A exposição teve características idênticas às das exposições coloniais estrangeiras, a começar pela redução dos povos colonizados à condição de indígenas atrasados, cujo exotismo se procurava sublinhar. Para tanto, mostraram-se seres humanos trazidos das colónias ao público visitante, como se de animais do jardim zoológico se tratasse.

No caso da Exposição Colonial do Porto de 1934, a Guiné teve um papel de particular relevo, não necessariamente pelas melhores razões. Foi instalada uma "tabanca" de bijagós numa ilha de um pequeno lago existente nas imediações do Palácio de Cristal, onde pessoas seminuas eram exibidas ao público como se estivessem no seu ambiente natural. Ora o clima do Porto é consideravelmente mais frio do que o da Guiné. Nem quero pensar no frio que essas pessoas terão passado.

O grande êxito da exposição foi, sem sombra de dúvida, uma moça balanta de seios descobertos, a Rosinha, que deve ter povoado os sonhos eróticos de muitos homens do Porto. Além da Rosinha, teve também bastante sucesso entre o público um menino guineense que andava completamente nu, o Augusto. Mas a balanta Rosinha é que foi a grande sensação da exposição. Multidões acorreram ao Palácio de Cristal para verem ao vivo as mamas da Rosinha, além da pilinha do Augusto. Até capa de revista a Rosinha foi, com os seus seios ao léu. É claro que, naquele tempo, nenhum jornal nem nenhuma revista se atrevia a mostrar uma mulher branca de mamas à mostra, mas como a Rosinha era negra, já podiam mostrar...
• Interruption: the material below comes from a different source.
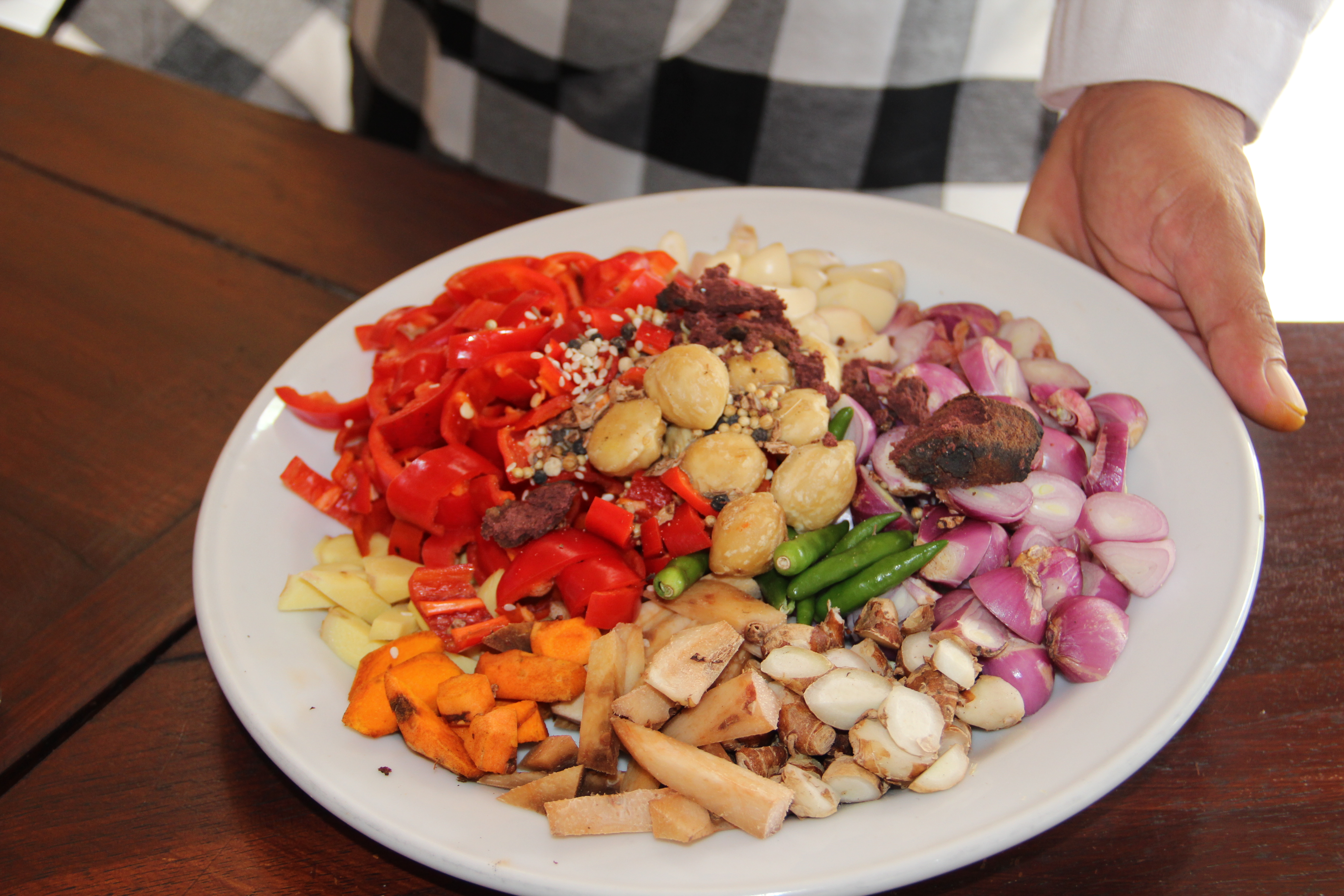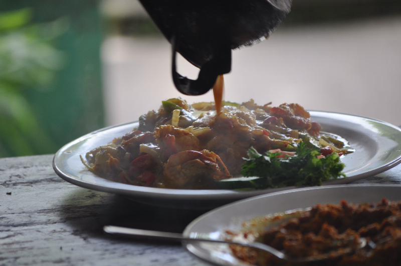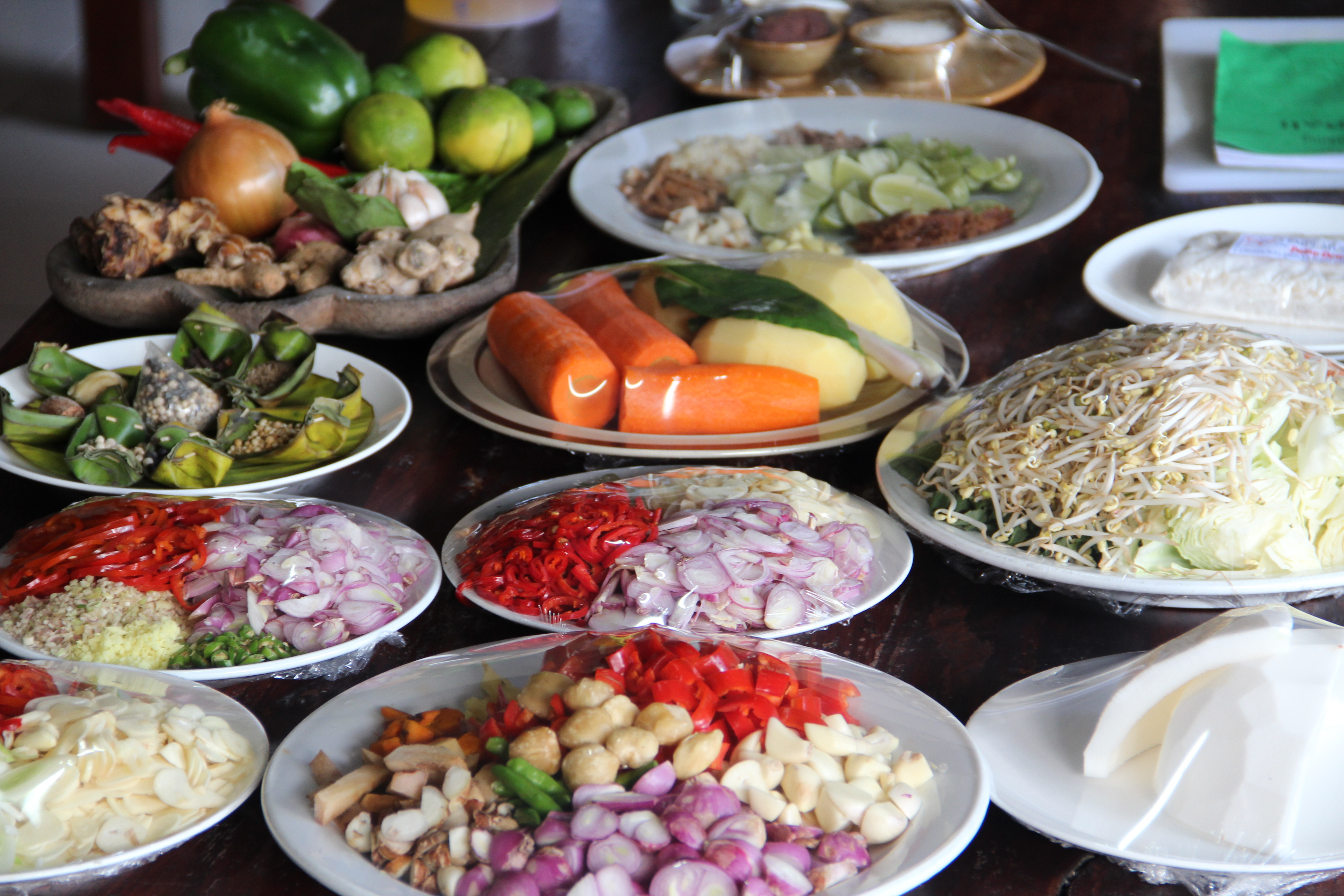 Most Balinese foods build from a flavour base called Bumbu Bali. This basic spice paste is a flavourful mix of shallots, garlic, chillis, galangal, turmeric, coriander seeds, candlenuts, dried shrimp paste, peppercorns, nutmeg, cloves, cumin, sesame seed and coconut (or vegetable) oil. Phew.
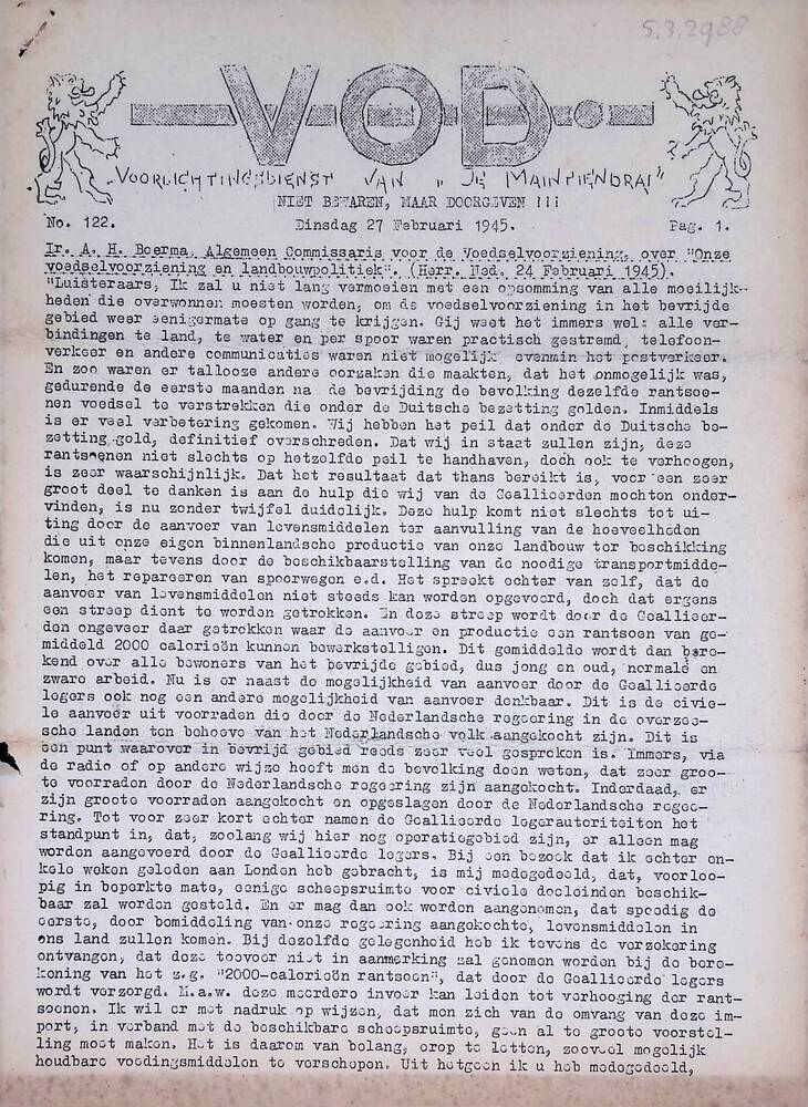 V.O.D. Voorlichtingsdienst van Je Maintiendrai, No. ...

Há poucos anos, encontrei na internet um blog com uma vastíssima coleção de imagens da Exposição Colonial do Porto. Dezenas e dezenas de imagens, para não dizer centenas. Não consigo voltar a encontrar esse blog. O que encontrei foi uma página de um outro blog, que faz uma referência mais resumida à exposição, mas que mesmo assim já consegue ser muito elucidativa. É a seguinte:

Porto, de Agostinho Rebelo da Costa Aos Nossos Dias > 23 de setembro de 2013 > Diverimentos dos portuenses, IX.